Sir Alastair Cook is a retired English cricketer and former captain of the England cricket team. He scored centuries (100 or more runs in a single innings) in Test and One Day International (ODI) matches on 33 and 5 occasions respectively. In a career that spanned from 2006 to 2018, he played 161 Tests and 92 ODIs for England, scoring 12,472 and 3,204 runs respectively.
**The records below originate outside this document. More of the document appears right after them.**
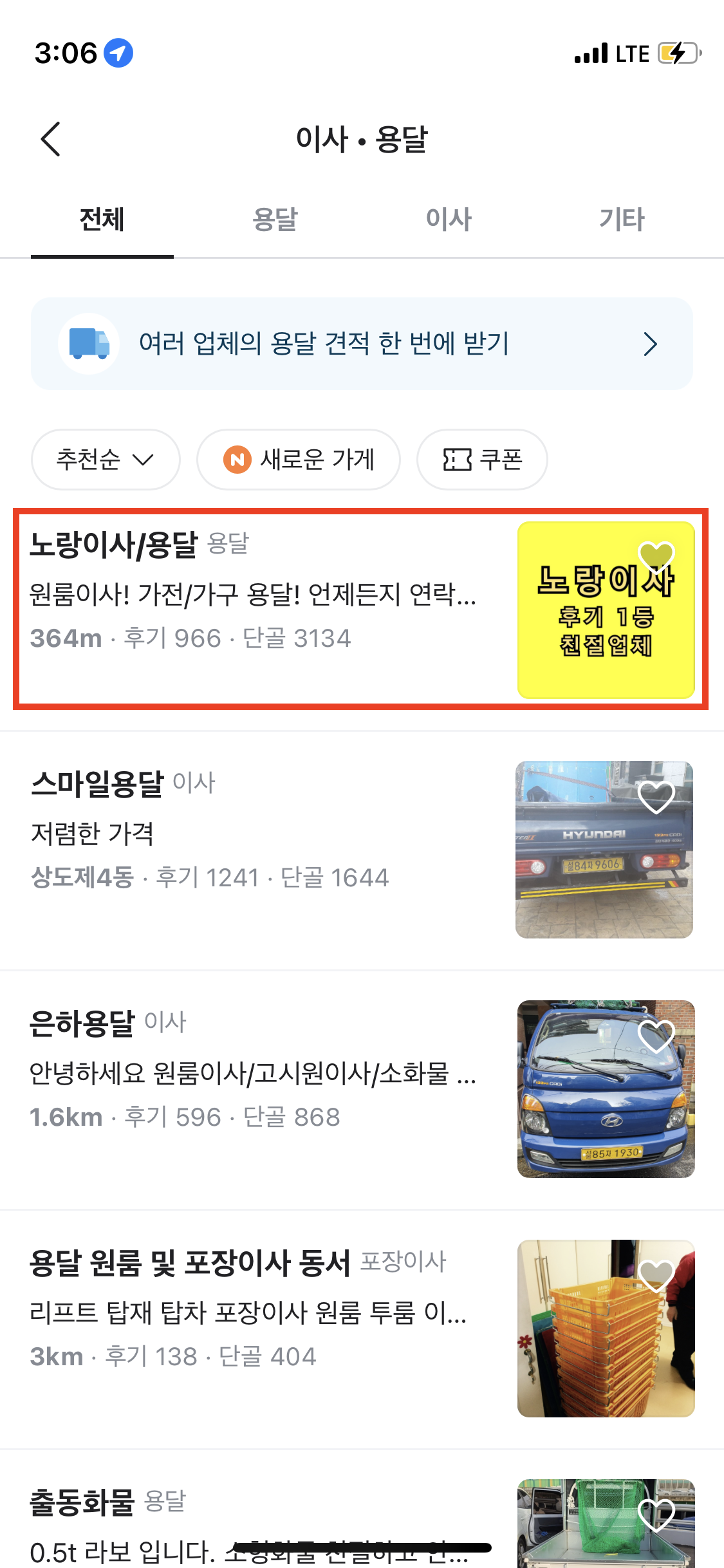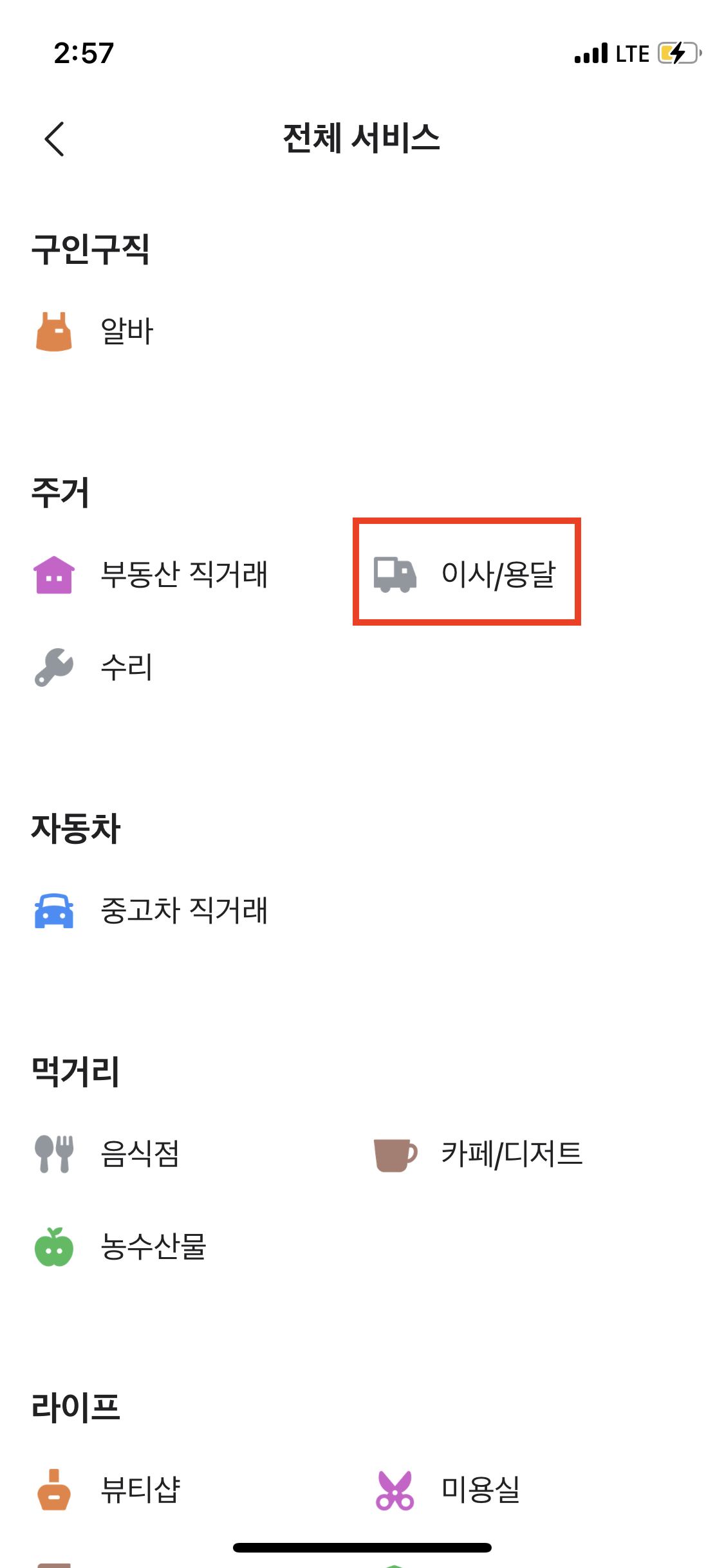 밑으로 조금 내리다 보면 [이사/용달]이란 카테고리가 있는데 클릭해 주세요
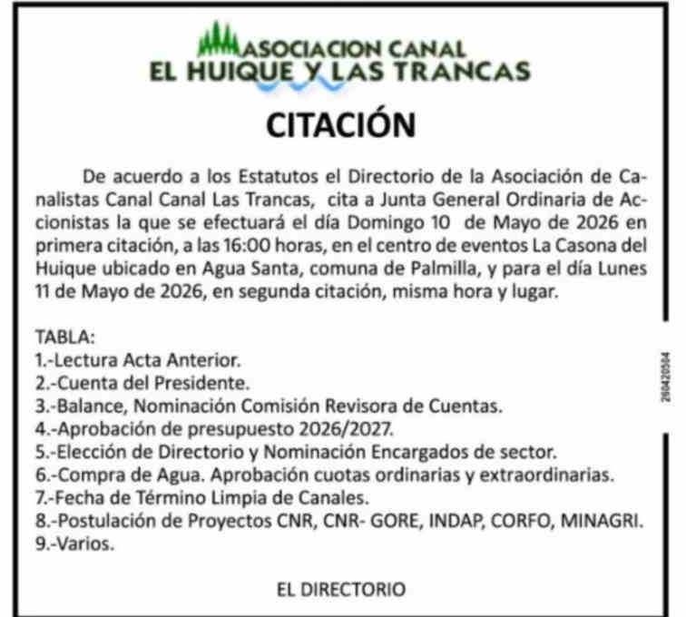 ASOCIACION CANAL EL HUIQUE Y LAS TRANCAS
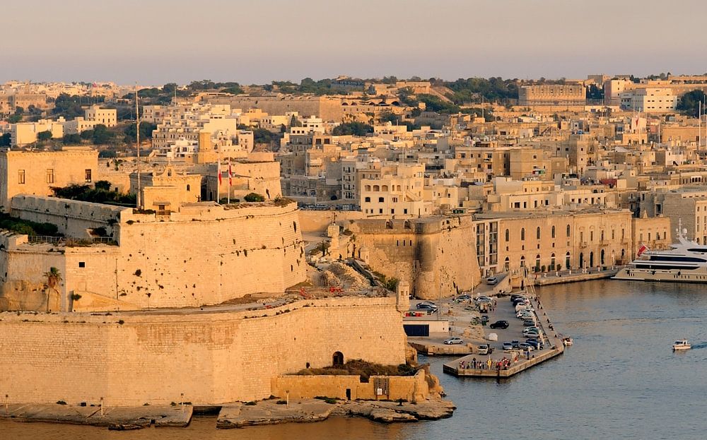 Valletta Malta Blick über den Grand Harbour auf Vittoriosa und Fort St. Angelo von den Upper Barrakka Gardens.

He is the joint youngest batsman to score 10,000 or more runs in Test cricket, and has scored the most Test runs as an opening batsman. Cook was appointed a Commander of the Order of the British Empire (CBE) in the 2016 Birthday Honours. In 2011, the International Cricket Council (ICC) selected him as their Test Player of the Year. Wisden named him as one of their cricketers of the year in 2012.

Cook made his Test debut against India at the Vidarbha Cricket Association Ground, Nagpur in 2006. He became the sixteenth English cricketer to score a century on Test debut when he scored 104 in the second innings. His score of 294, against the same team at the Edgbaston Cricket Ground, Birmingham, in 2011, is the seventh highest total by an English batsman in Test cricket. Cook has scored Test centuries at 24 cricket grounds, including 17 outside England. He has scored centuries against all eight Test opponents the team has played and scored the most centuries (seven) against India. In May 2015, Cook became England's all-time leading run scorer in Tests, when he went past Graham Gooch's tally of 8900 runs. As of September 2018, he ranks equal tenth among players with most Test centuries, and top of the equivalent list for England. His 38 centuries across all formats is the highest by an English cricketer.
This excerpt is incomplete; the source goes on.